Seine „Kommission der letzten Chance“ habe ganze Arbeit geleistet, erklärte der Behördenchef nach dem EU-Gipfel im Dezember. Die EU stehe heute stärker da als vor fünf Jahren, auch das Vertrauen der Bürger kehre langsam zurück.

Zum Beweis legte die EU-Kommission die jüngste „Eurobarometer“-Umfrage vor. Sie zeigt nicht nur wachsende Zustimmung zur EU an – sondern auch, dass viele Bürger den europäischen Institutionen mehr Vertrauen schenken als der eigenen Regierung.

Mit 42 Prozent liegt der Vertrauensbonus für die EU höher als für nationale Regierungen und Parlamente (32 Prozent). Zudem glauben angeblich wieder mehr Bürger, dass ihre Stimme in der EU zählt.

Doch damit enden die guten Nachrichten. Den EU-Vorsitz, den Rumänien am 1. Januar von Österreich übernimmt, sieht Juncker kritisch. Das Land sei zwar „technisch gut vorbereitet“, sagte der Luxemburger.

„Ich glaube aber, dass die Regierung in Bukarest noch nicht in vollem Umfang begriffen hat, was es bedeutet, den Vorsitz über die EU-Länder zu führen“, fügte er hinzu.

In zwei Wochen droht der erste Schock

Dabei kommt ausgerechnet auf Rumänien die heikle Aufgabe zu, Europa durch den britischen EU-Austritt am 29. März 2019 zu führen – also auf ein historisches, noch nie dagewesenes und kaum berechnbares Ereignis.

Schon in der dritten Januar-Woche droht der erste Brexit-Schock: Dann will Premierministerin May das umstrittene EU-Austrittsabkommen zur Ratifizierung im britischen Parlament vorlegen. Eine Mehrheit ist alles andere als sicher. 

Falls der Scheidungsvertrag durchfällt, kann dies zu unberechenbaren Kettenreaktionen führen.

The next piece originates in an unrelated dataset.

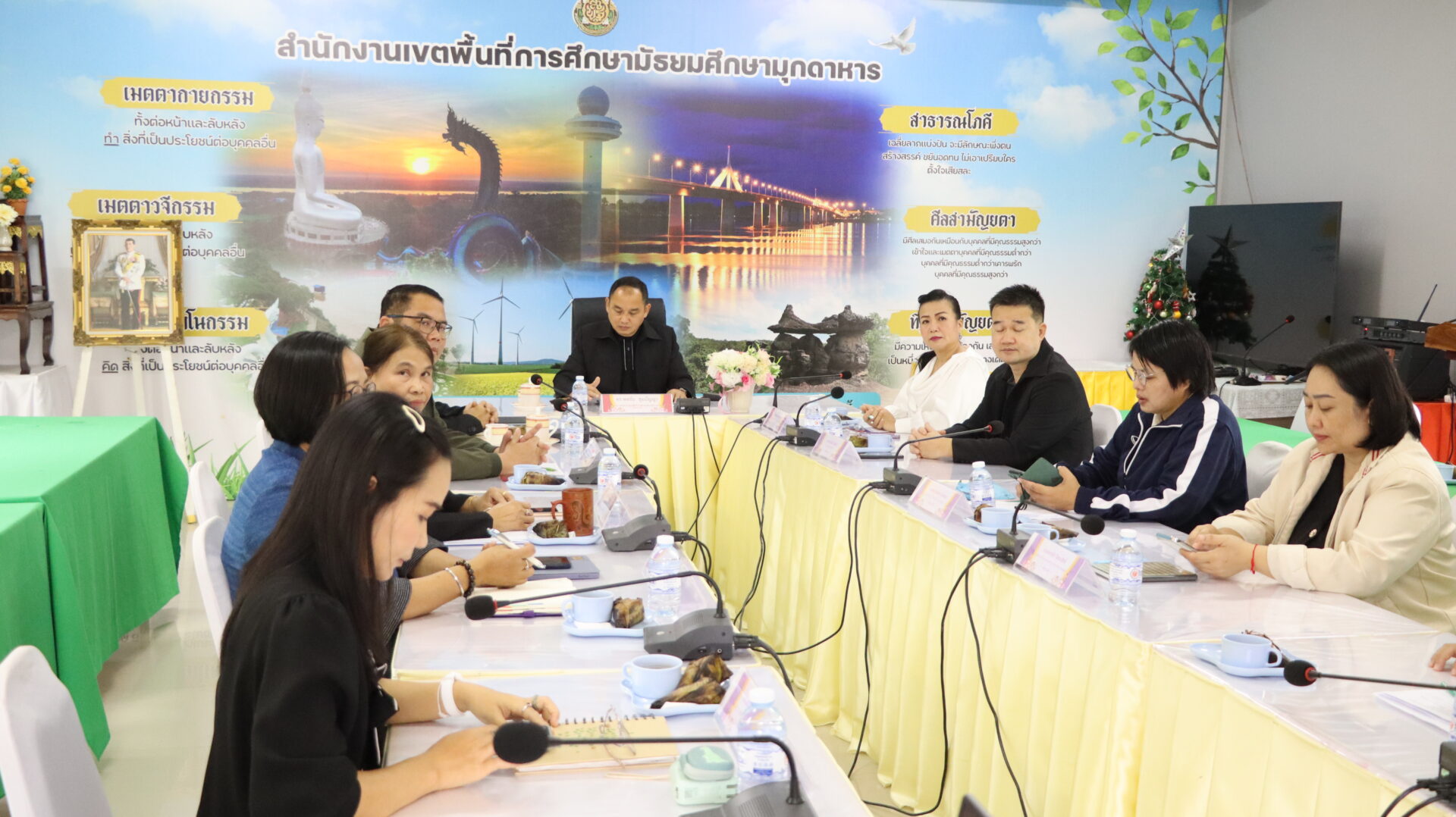 ดร.พลชัย ชุมปัญญา ผู้อำนวยการสำนักงานเขตพื้นที่การศึกษามัธยมศึกษามุกดาหาร พร้อมด้วย นายวิทยา วังคะฮาต รองผู้อำนวยการสำนักงานเขตพื้นที่การศึกษามัธยมศึกษามุกดาหาร และผู้อำนวยการกลุ่ม/หน่วย สพม.มุกดาหาร เข้าร่วมประชุมการตรวจราชการและติดตามประเมินผลตามนโยบายการตรวจราชการของกระทรวงศึกษาธิการประจำปีงบประมาณ พ.ศ. 2569 (รอบที่ 1) เขตตรวจราชการที่ 11 ผ่านระบบ Zoom Meeting โดยการประชุมครั้งนี้ จัดขึ้นเพื่อรับมอบนโยบายการตรวจราชการ และติดตามประเมินผลการขับเคลื่อนนโยบายของกระทรวงศึกษาธิการโดยมี ดร.นิยม ไผ่โสภา ผู้ตรวจราชการกระทรวงศึกษาธิการ เขตตรวจราชการที่ 11 เป็นผู้มอบนโยบาย ทั้งนี้ สำนักงานเขตพื้นที่การศึกษามัธยมศึกษามุกดาหาร พร้อมน้อมรับแนวทางและข้อเสนอแนะเพื่อยกระดับคุณภาพการจัดการศึกษาให้เกิดประสิทธิภาพและประสิทธิผลสูงสุดต่อไป ณ ห้องประชุมขวัญมุกดา สพม.มุกดาหาร

Von einem zweiten Brexit-Referendum bis zu Neuwahlen scheint alles möglich.

Auch ein „harter“, ungeregelter Brexit ist dann nicht mehr auszuschließen. Die Regierung in London ließ bereits für viele Millionen Fähren mieten, um sich für den Notfall zu rüsten.

Für die EU wäre das der „Worst Case“. Chaos an Häfen und Flughäfen würde das mühsam zurückgewonnene Vertrauen erschüttern – und die Europawahl Ende Mai überschatten.

Dabei steht diese Wahl schon jetzt unter keinem guten Stern. In Brüssel ist von einer „Schicksalswahl“ die Rede, düstere Szenarien machen die Runde.

Wird Brüssel unregierbar?

Im Europaparlament rechnet man nicht nur damit, dass die beiden größten Formationen – die konservative EVP und die sozialdemokratische S&D – die Mehrheit verlieren und sich nach neuen Partnern umschauen müssen.

Einige Analysten prophezeien sogar, dass EU-Gegner bis zu 30 Prozent der Sitze erobern könnten. Ein solches Ergebnis würde nicht nur die Chancen der Spitzenkandidaten Weber (EVP) und Timmermans (S&D) schmälern, Juncker zu beerben.

Es könnte sogar Brüssel unregierbar machen. Der italienische Lega-Chef Salvini träumt schon von einer Allianz der Rechten, die die EU aus den Angeln heben soll.

[wp_ad_camp_1]

 

Wie die Staats- und Regierungschefs auf ein solches Wahldebakel reagieren würden, weiß niemand. Klar ist nur, dass ihnen die Verantwortung zufällt, die EU nach der Wahl auf Kurs zu halten.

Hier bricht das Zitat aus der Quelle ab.